In the fields of classical artificial intelligence and knowledge engineering, the semantic networks are expressed by the use of the so called ontologies, whereas the hierarchical categories are defined by taxonomies. Though the term ontology brings with it the heritage of a very strong philosophical commitment (Guarino 1998), ontologies are usually defined in a more pragmatic way as a formal, explicit way to define entities, relations, rules and constraints (Uschold & Gruninger 1996; Noy & McGuinness 2001).

The design of meaningful, useful, flexible and coherent taxonomies and ontologies is one of the main goals of the information architecture, to provide to the users an effective way to find what they are seeking. Design for wayfinding is the first principle suggested by Wodtke (2002): “The goals of wayfinding are to let people know where they are, where the things they’re looking for are located, how to get to those things they seek”. In an interview with Marcos (2007), Peter Morville claims that “Findability is the major problem with most large web sites today, and information architecture is a big part of the solution.”.

In approaching this endeavor, an information architect can make use of different methodologies. There are fields of knowledge where well established taxonomies are olready at our disposal: the biblioteconomy is the best example of such a case. In other fields, powerful taxonomies have been developed by the scientific research. In all the other cases, however (and they represent the most frequent cases in the work of information architects) such a predefined taxonomy does not exist.
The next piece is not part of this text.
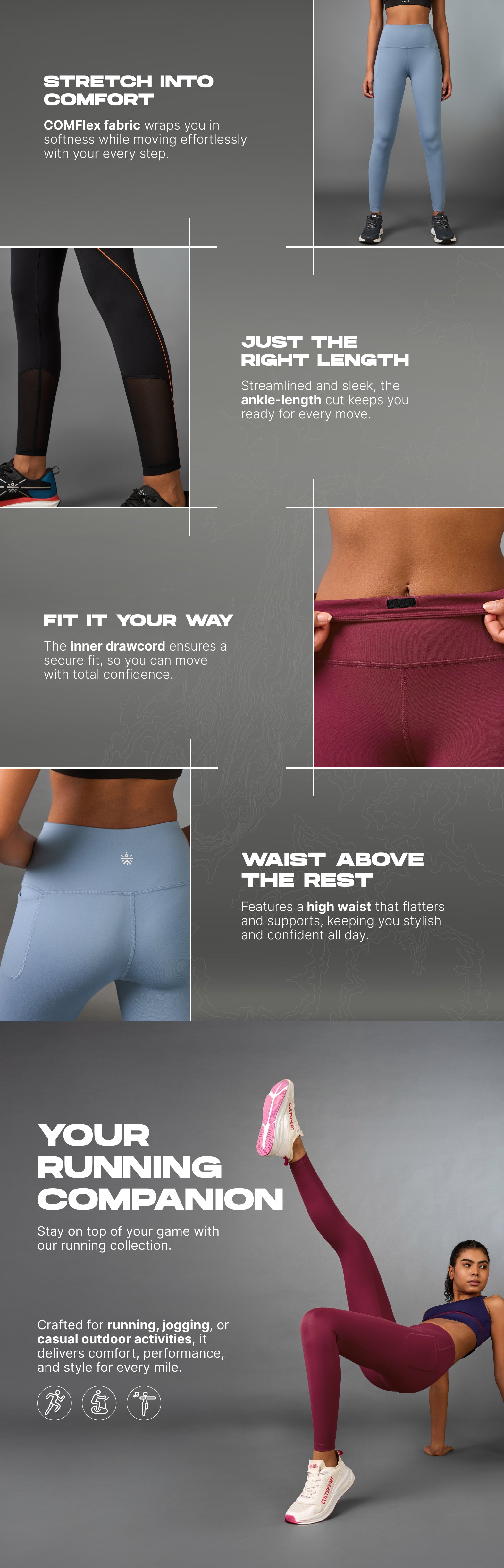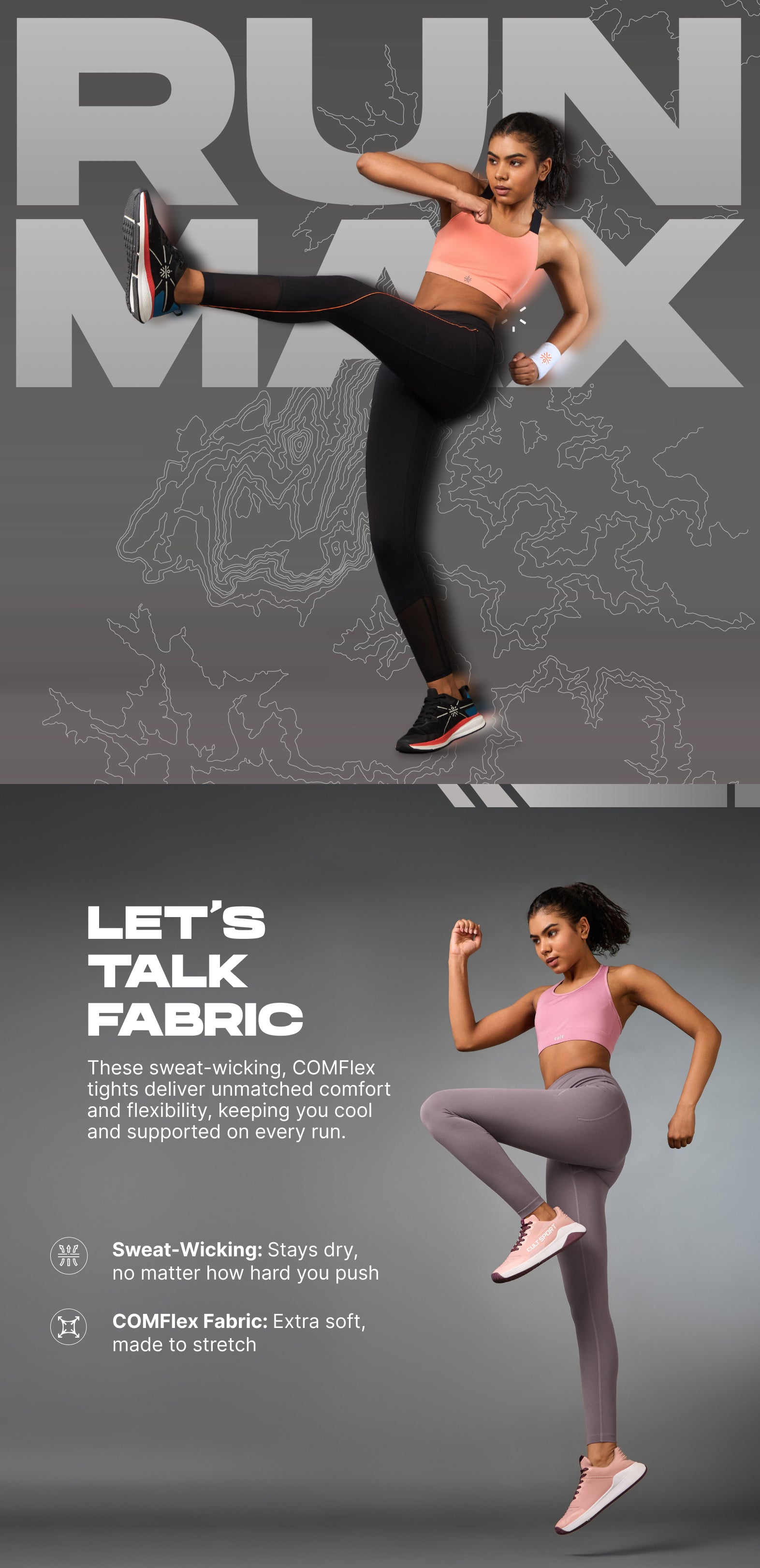 Women's Black Pace Up Running COMFlex Tights redefine what it means to move effortlessly. Crafted with COMFlex fabric, they deliver unbeatable softness and stretch for ultimate comfort. Featuring breathable mesh panels, super-stretch material for easy movement, and a hidden pocket to keep your essentials secure.

In those circumstances, the information architect needs the help of another person. Common sense suggests they should ask the experts, because they know the field of knowledge better than others and they should already have in mind a taxonomy, often very precise and detailed.

The user-centered design advice, however, is to focus our attention toward the end users (Maguire, 2001), and usually the users of the artifact we are designing are not the experts, but people whose level of expertise can be very different. The naive, implicit taxonomy of the end users can be significantly different from the one of the experts. This is one of the reasons why the involvement of the experts, though necessary, could be insufficient to develop a taxonomy that fits the needs of the users. A participatory approach can overcome this problem; methods like card sorting are used by information architects (Nielsen & Sano 1994; Rugg & McGeorge 1997; Coxon 1999; Maurer & Warfel 2004; Nielsen 2004; Fincher & Tenenberg 2005; Spencer 2009), social scientists (Ameel et al 2005) and psychotherapists (Upchurch et al 2001), to elicit the implicit knowledge of the users.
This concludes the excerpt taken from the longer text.